Well, it’s on, and it was onned pretty goddam quickly. UK Prime Minister Theresa May announced on Tuesday that she would seek a vote in parliament to call an early general election, which would, if voted through, be held on June 8. Of course it was voted through — who would risk the idea of resisting an election, and see it get through anyway? — and so we we are all on the way down the big slide. May and the Tories have been saying for months, a year, that they would not seek an early election under any circumstances. No one believed them, and they were right. This poll is ostensibly being held to achieve “stability” in the process of Brexit, despite the fact that May and the right-centre of the party haven’t lost a single vote on post-Brexit matters yet.

The real and obvious reason is to crush Labour, really crush it. Recent polls suggest that the gap could be approaching 20 points, the Tories north of 40, Labour in the low 20s. That might be an outlier, but things are very, very bad for Labour. The temptations for the Tories was that this might be the bottom of the curve. The Brexit buzz is well and truly over; from now people are going to start to realise it will make little difference to their lives, and there are years of tedious negotiation ahead, in which it will have to be acknowledged that the UK is laced into a global system, come what may, unless it wants to live on herring and turnips.

Meanwhile Labour “leader” Jeremy Corbyn has steadily improved his media and dispatch box performance to the point where’s he become a forceful speaker; leave it any longer and people might start to change their mind about him, i.e. see him as something other than a mature age student with a Nicaraguan knit bag over his shoulder, for his Development Studies notes, hanging round the college’s Thabo Mbeki coffee lounge talking about when he saw Tom Robinson at the Hammersmith Apollo after an RAR rally, you kids don’t know …*

[Helen Razer’s massive throbbing lady boner for Jeremy Corbyn]

So it’s time to jump. The Tories, on the strength of polling, will jump to a vast majority, getting around 400-450 seats in the 650-seat parliament, with Labour on a 120-40, the SNP on 50, the Lib-Dems back up to about 25 and another 25-30 strays and Irish. That will not only be a shot at cementing them in for a decade, but it also give Theresa May an internal party majority; she will be able to survive the backbench revolts common in UK politics (the one that prevented intervention in Syria in 2015, for example), and govern as an elected dictatorship.
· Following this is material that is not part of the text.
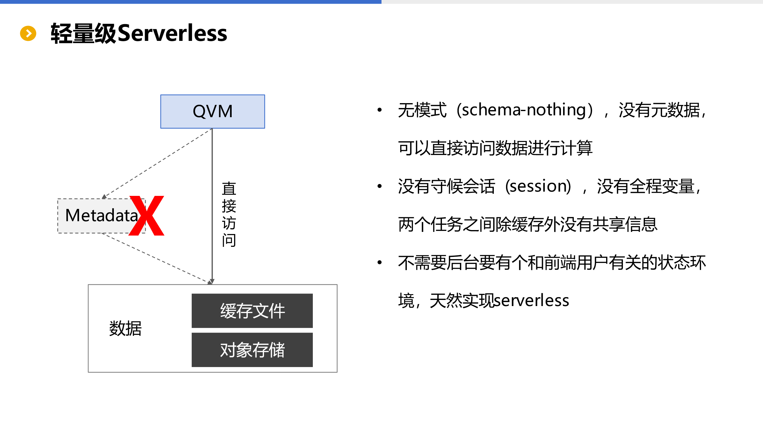 我们知道 SQL 体系(云数据仓库)是需要元数据的,只有加载元数据才能进行计算。元数据如果存储在管理服务上(大部分情况是这样),那在多任务并发时管理服务就很容易成为瓶颈,这时又要考虑管理服务的扩展能力,整体架构不仅更加复杂运维成本高,计算效率也差。而元数据分布再计算服务上则又会由于个性化导致弹性扩展受限,而且加载元数据会导致计算虚拟机启动过慢,同样影响效率。

What could possibly go wrong?

Well, uh, not much it would seem. Labour simply has no credibility, not only in marginal seats — they’re gone — but also in the northern and Midlands heartland, where solid Labour votes could once be relied upon. They will retain their true core working-class seats, but there’s a new type of marginal, mid-inner round small cities, industry long gone, where many people don’t feel particularly militantly working class anymore, disconnected from workplaces, unions, neighbourhoods, reconnected by Tescos, TV and Facebook. Their disdain for Corbyn is visceral, and it has nothing to do with his agenda, which they would support or be to the left of. It’s to do with the fact that he just doesn’t sound like a leader, or didn’t three months ago, the last time they clocked him.
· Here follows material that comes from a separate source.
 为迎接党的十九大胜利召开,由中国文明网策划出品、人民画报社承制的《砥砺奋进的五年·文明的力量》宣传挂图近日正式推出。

Should it all go according to May’s plan, Labour will have no seats south of Birmingham, aside from London, and a handful round Bristol, Exeter and the like. The Lib-Dems will take a few back of the 58 they won in 2010 (they currently have eight), but there will be no great revival. Their leader, Tim Farron, is unimpressive, and half their candidates are certifiable, the real flotsam of marginal politics. Many people will welcome a period of stability — even if political stability is life chaos for others, as a new austerity rains down — and be happy to not even have to think about politics at all. Theresa May will become the Stanley Baldwin of 21st-century British politics. The Lib-Dems will puddle along, UKIP will win no Tory seats, and Labour will simply eat itself, and not in the good way. Indeed, if UKIP take any seats, before immolating entirely, it’ll be from Labour in the north, from Labour voters tired of a party run by London elites, pro-high immigration and multiculturalism. UKIP’s shift leftward on economic matters will continue, whether honest or not, and that might prove to be a post-Brexit rallying point for them.

[Rundle: Brexit of champions now mired in bureaucracy and same old politics]
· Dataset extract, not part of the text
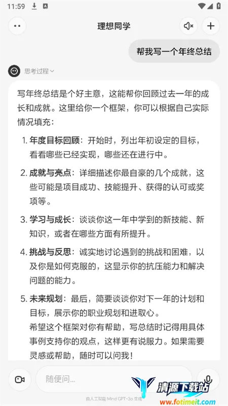 理想同学亮点众多。回答速度超快,能短时间内全网搜寻信息并总结。它还能带着用户看世界,生活中遇到不明白的都可提问。不仅能生成文字内容,给定主题还能自动生成绘画创作。其界面设计简洁大方,安装包小,下载速度快。而且首次将对家人的陪伴从车端迁移到移动端,让用户在多设备上享受一致的人工智能体验。依托自研大模型MindGPT打造,模型迭代速度快,升级后的大脑让其记忆、规划、工具、表达能力全面提升,更懂用户,时刻陪伴。

But of course, elections make things happen in ways that no one can predict or control. Which is a good reason not to have them, and doing so when not required is an expression of either audacity or exigency. Should it be the latter, well, there are possibilities. Corbyn could get the same groundswell that Melenchon is now getting in France, May could stumble badly, scandal could … ahhhh, my heart isn’t in this. Theresa May would have to find Madeleine McCann and then shoot her in the head with a speargun at the moment of discovery to suffer any poll damage scandal-wise, and Corbyn is now Melenchon, the latter having constructed a new political program as focused on production as it is on consumption, whereas Corbyn remains focused on distribution, cuts and rights. It’s gone, I would think, the deal is done, and this sudden election, loathed by the public, will be a ruling-off, and the start of a new period. But y’know, prove that I lie.

*Hammersmith Apollo: great barn-like rock venue for decades; Tom Robinson, author of 70s anthem (Sing if) Youre Glad To Be Gay, now married to Sue Brearley, with two children; RAR, Rock Against Racism; Development Studies, do a barista training course.